Unico had identified Salt Lake City as an undervalued market in the prior investment cycle, yet well located acquisition opportunities remained scarce. We were particularly interested in participating in the tailwinds offered by recent investments made in transit, retail, and residential that were creating an urbanization trend clearly playing out elsewhere in the country. The challenges we met in this complex user-sale included working through terms for the seller’s leaseback of about 40% of the tower building; synthesizing incomplete and sometimes inaccurate information provided by a non-investor seller; de-risking the lease-up and solving an under-parked ratio; and identifying multiple execution paths for the soon-to-be-vacated data center property.
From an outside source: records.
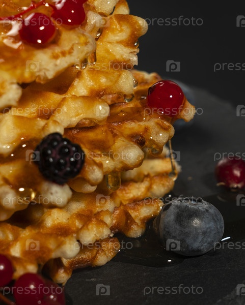 Свежие хрустящие бельгийские вафли со свежей черникой, ежевикой и красной смородиной, залитые свежим медом крупным планом
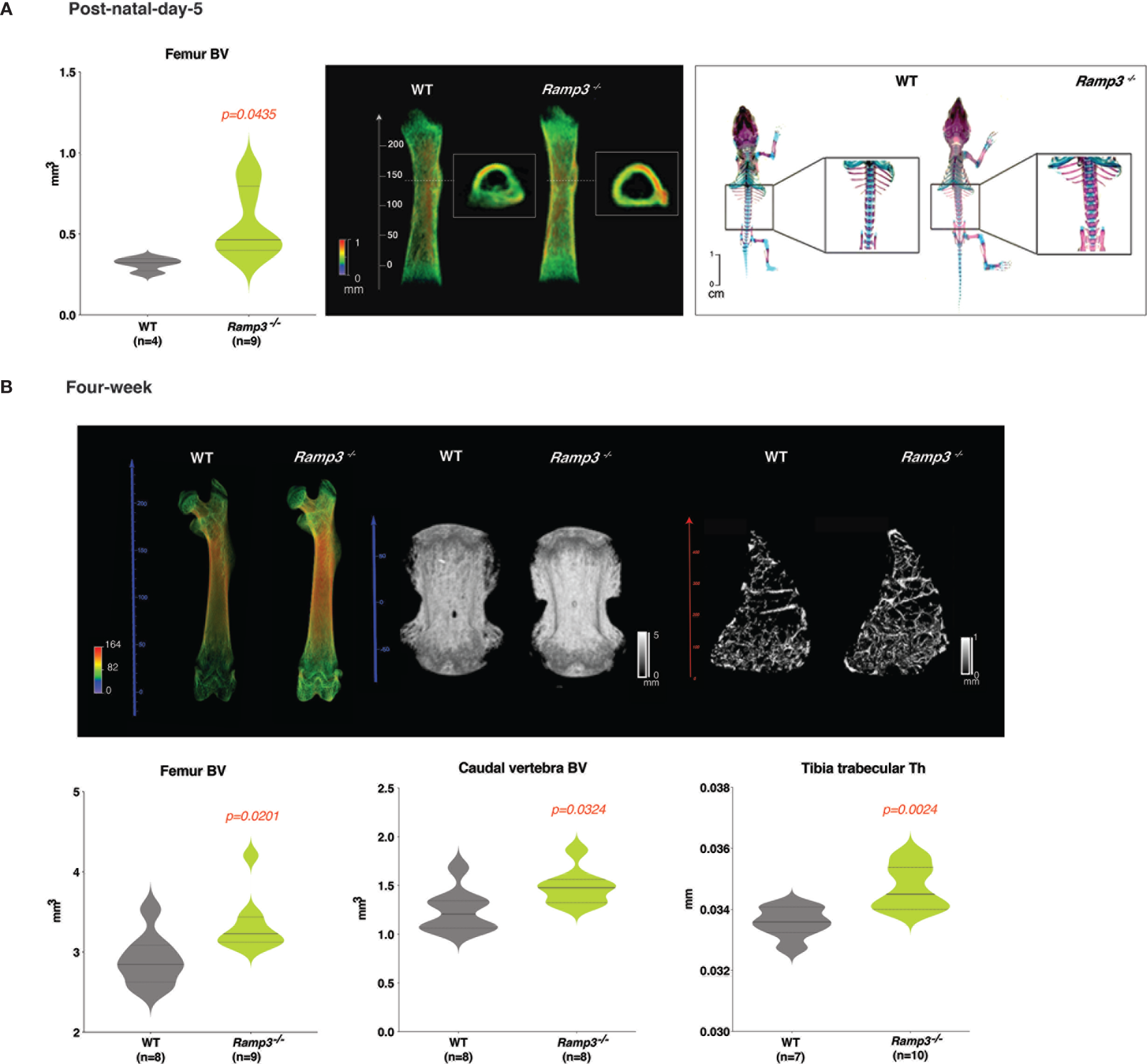 Figure 1 (A) MicroCT and skeletal staining reveals an advanced skeletal phenotype in the post-natal day 5 Ramp3-/- mice. Significant increase in the femur BV in Ramp3-/- mice (left) evidently observed in the 3D rendering of the femur bone (middle) (heat map scale: blue = low, red=high). Skeletal staining (right) reveals a remarkable increase in the bone formation in the vertebrae and long-bones in Ramp3-/- mice. (B) MicroCT reveals increase in whole femur and caudal vertebral bone volume in both the 3D bone renderings (top) and quantitative measurements (bottom) at 4 weeks of age. Trabecular analysis at a higher resolution identifies an increase in the trabecular thickness in the tibiae in both, the 3D models (top) and quantifications (bottom) in the Ramp3-/- mice. (Heat map scales in 3D models: Coloured scale- blue=low and red=high; Black and White scale – black = low and white= high).
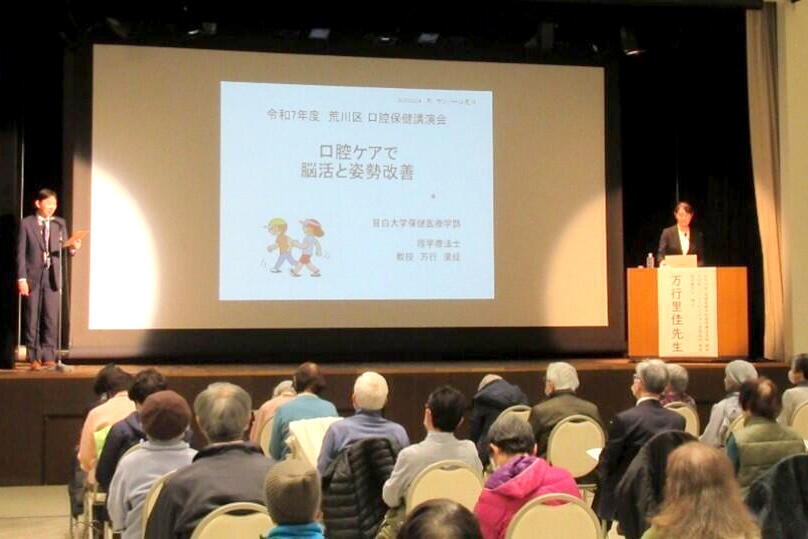 2月24日(火)、荒川区民会館(サンパール荒川)にて、理学療法学科の万行里佳教授が区民を対象とした「令和7年度 荒川区 口腔保健講演会」の講師として、約2時間の講演を行いました。

Working in our favor was the reputation we had built through our previous transactions with Qwest Communications, which merged with CenturyLink in 2010.
Unfazed by the job ahead, Unico approached the seller and was able to secure the investment. Working in our favor was the reputation we had built through our previous transactions with Qwest Communications, which merged with CenturyLink in 2010. The acquisition started off well prior to close, as we struck a lease deal – during due diligence – with the University of Utah to occupy much of the tower vacancy. At the same time, we looked to the data center project as a solution to secure parking while also soliciting offers from land developers who were offering prices in excess of our allocated value. Today, the office tower is on pace to stabilize at a 10% yield on cost with almost full credit tenancy while the data center building is held at $30/sf, or 35% below comparable land sale trades when valued solely for the underlying ground.